2CO (g) + O2 <=> 2CO2(g)
Standard molar energies of formation at 288K is -137 kJ/mol for CO and -450 KJ/mol for CO2, find equilibrium constant.
I know that we’re supposed to multiply n to the Gf of products and take the sum and do the same to the reactants. However O2 is not given.
O2 is zero as are all elements in their standard state.
Okay, so I did it. I got 1174 for the delta G rxn and I used that to the other formula. However the next question is saying I’d the 450 was changed to -390. And I got 0 as K.
Liz, you should proof read your posts. You omitted something in that last sentence. If you clarify that please post your work so I can see what you're doing.
To find the equilibrium constant (K) for the given reaction, you need to use the standard molar energies of formation (ΔGf°) of CO and CO2. The equation you provided represents the equilibrium between carbon monoxide (CO) and carbon dioxide (CO2).
First, let's write the expression for the equilibrium constant (K) using the standard Gibbs free energy change (ΔG°) for the reaction:
ΔG° = ΣnΔGf°(products) - ΣnΔGf°(reactants)
where:
ΔG° = standard Gibbs free energy change
ΔGf° = standard molar energy of formation
n = the coefficient of each species in the balanced equation
In this case, we need to consider the formation of 2 moles of CO2:
ΔG° = (2 × ΔGf°(CO2)) - (2 × ΔGf°(CO))
Given the values you provided:
ΔGf°(CO) = -137 kJ/mol
ΔGf°(CO2) = -450 kJ/mol
Substituting these values into the equation, we get:
ΔG° = (2 × -450 kJ/mol) - (2 × -137 kJ/mol)

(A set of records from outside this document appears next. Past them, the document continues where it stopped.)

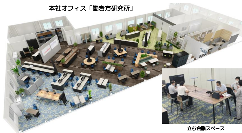
本社オフィス「働き方研究所」

また、本社オフィスリフォーム時に、社員アンケートを実施し、その意見を反映させるなど、働きやすい職場環境が整備されており、リフォーム後の本社オフィスを「働き方研究所」として、そのノウハウを地元企業に提案している。
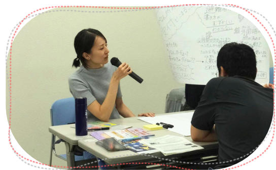
「名張外国人防災リーダーズスキルアップ研修」にて

日本語教室でも、伝わったと思っていても伝わってなかったり、伝わっていないだろうと心配していたことが伝わってたりします。言葉はコミュニケーションのためのツールですが、言葉だけでなく、伝えたい・理解したいという気持ちでつながることが大切だと思っています。
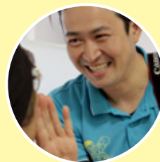
被災地で活動する支援スタッフ
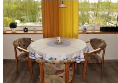
in den Essbereich

eine Küchenzeile mit Kühlschrank, Ceranfeld mit 2 Kochfeldern, Dunstabzughaube, Toaster, Mikrowelle, Kaffeemaschine, Wasserkocher, Mixer etc., ein Wannenbad mit Duschecke in der Wanne ( ebener Boden und Duschtrennung aus Glas ), WC und Föhn.

Simplifying the equation further:
ΔG° = -900 kJ/mol + 274 kJ/mol
ΔG° = -626 kJ/mol
Now, we can relate the ΔG° to the equilibrium constant (K) by using the following equation:
ΔG° = -RT ln(K)
where:
R = ideal gas constant (8.314 J/(K·mol))
T = temperature in Kelvin (288 K)
ln = natural logarithm
Converting kJ to J and Kelvin (since the ideal gas constant is in J/(K·mol)), we have:
ΔG° = -626,000 J/mol
Next, we solve for K:
-626,000 J/mol = -8.314 J/(K·mol) × 288 K × ln(K)
Simplifying the equation:
ln(K) = (-626,000 J/mol) / (8.314 J/(K·mol) × 288 K)
ln(K) ≈ -88.73
Finally, solve for K by taking the inverse natural logarithm (e^x):
K = e^(-88.73)
Using a scientific calculator or any calculator with exponential function to evaluate e^(-88.73), you'll find:
K ≈ 1.39 × 10^(-39)
Therefore, the equilibrium constant (K) for the given reaction is approximately 1.39 × 10^(-39).